Any of these factors may place us at a competitive disadvantage in successfully negotiating a business combination. Our management believes, however, that to the extent that our target business is a privately held entity, our status as a well-financed public entity may give us a competitive advantage over entities having a similar business objective as ours in acquiring a target business with significant growth potential on favorable terms.

If we succeed in effecting a business combination, there will be, in all likelihood, intense competition from competitors of the target business. We cannot assure you that, subsequent to a business combination, we will have the resources or ability to compete effectively.

Facilities

We do not own any real estate or other physical property. We maintain our executive offices at Hanoi, Vietnam. The cost for this space is included in the $7,500 per-month fee Bantry Bay Ventures-Asia, LLC charges us for general and administrative services pursuant to a letter agreement between us and Bantry Bay Ventures-Asia, LLC, an affiliate of Messrs. Zachs and Lee and Ms. Quynh Anh. This arrangement has been agreed to by Bantry Bay Ventures-Asia, LLC for our benefit and is not intended to provide such individuals compensation in lieu of salary. We believe, based on rents and fees for similar services in the Hanoi, Vietnam area (and in Hartford, Connecticut with respect to certain services), that the fee charged by Bantry Bay Ventures-Asia, LLC is at least as favorable to us as we could have obtained from an unaffiliated person. We consider our current office space adequate for our current operations up to the completion of a business combination.

Employees

We have three executive officers, each of whom are also members of our board of directors. These individuals are not obligated to contribute any specific number of hours per week and intend to devote only as much time as they deem necessary to our affairs. The amount of time they will devote in any time period will vary based on the availability of suitable target businesses to investigate. We do not intend to have any full-time employees prior to the consummation of a business combination, although we expect each of our officers to devote an average of approximately ten hours per week to our business.

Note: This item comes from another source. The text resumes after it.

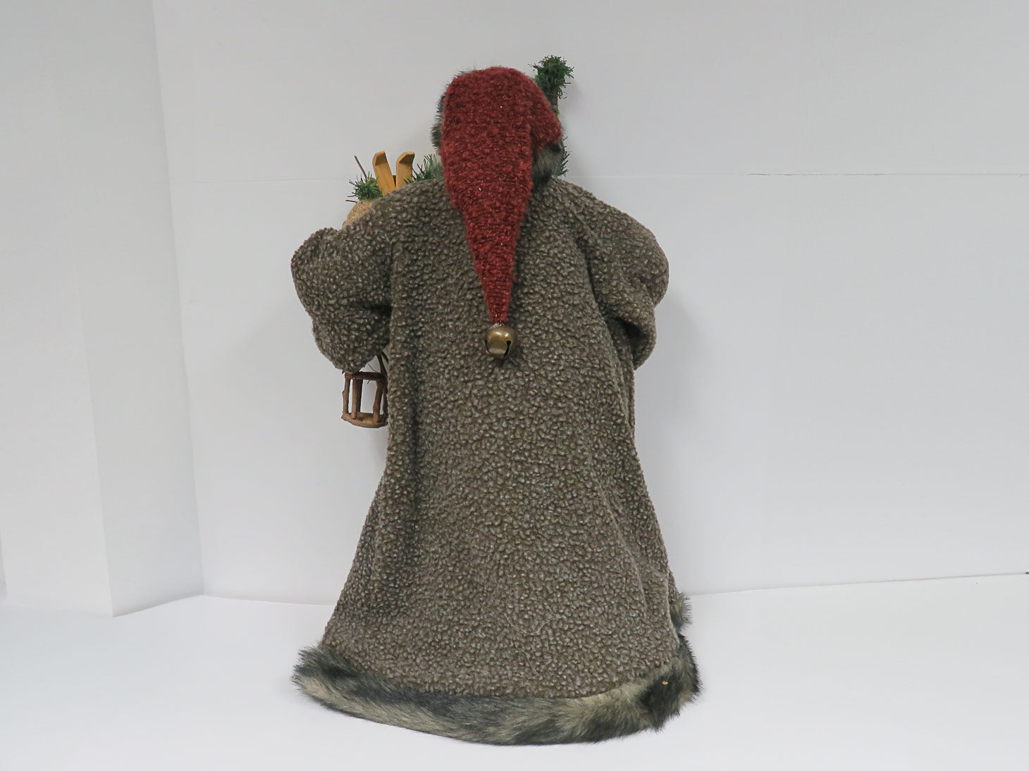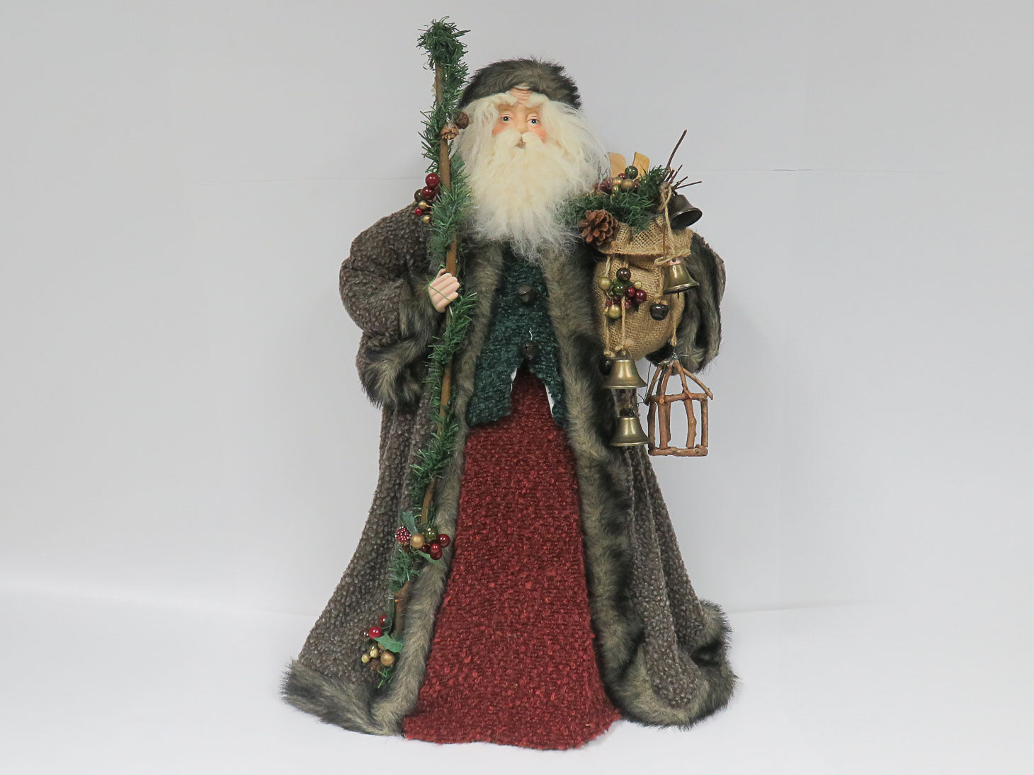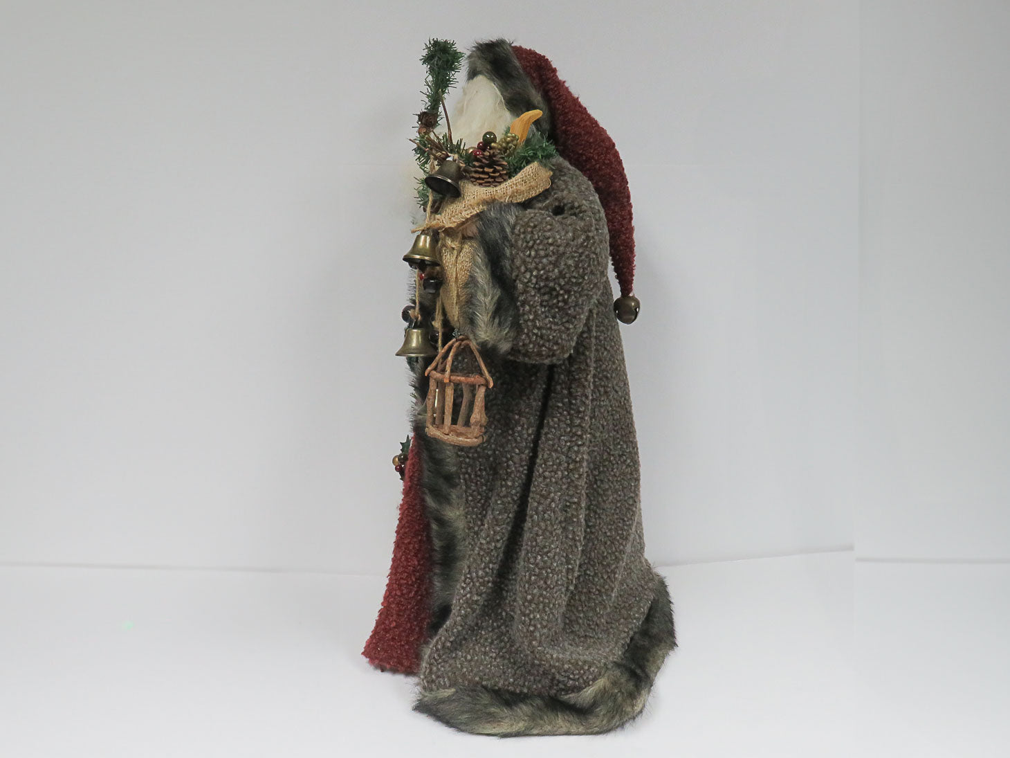 In fur lined winter coat, staff with greenery, burlap sck with bells and birdcage

Periodic Reporting and Financial Information

We have registered our units, common stock and warrants under the Securities Exchange Act of 1934, as amended, and have reporting obligations, including the requirement that we file annual reports with the SEC. In accordance with the requirements of the Securities Exchange Act of 1934, our annual reports will contain financial statements audited and reported on by our independent accountants.

We will not acquire a target business if audited financial statements based on United States generally accepted accounting principles cannot be obtained for such target business. Additionally, our management will provide shareholders with the foregoing financial information as part of the proxy solicitation materials sent to shareholders to assist them in assessing each specific target business we seek to acquire.

We will be required to comply with the internal control requirements of the Sarbanes-Oxley Act for the fiscal year ending December 31, 2008. A target company may not be in compliance with the provisions of the Sarbanes-Oxley Act regarding adequacy of their internal controls. The development of the internal controls of any such entity to achieve compliance with the Sarbanes-Oxley Act may increase the time and costs necessary to complete any such acquisition.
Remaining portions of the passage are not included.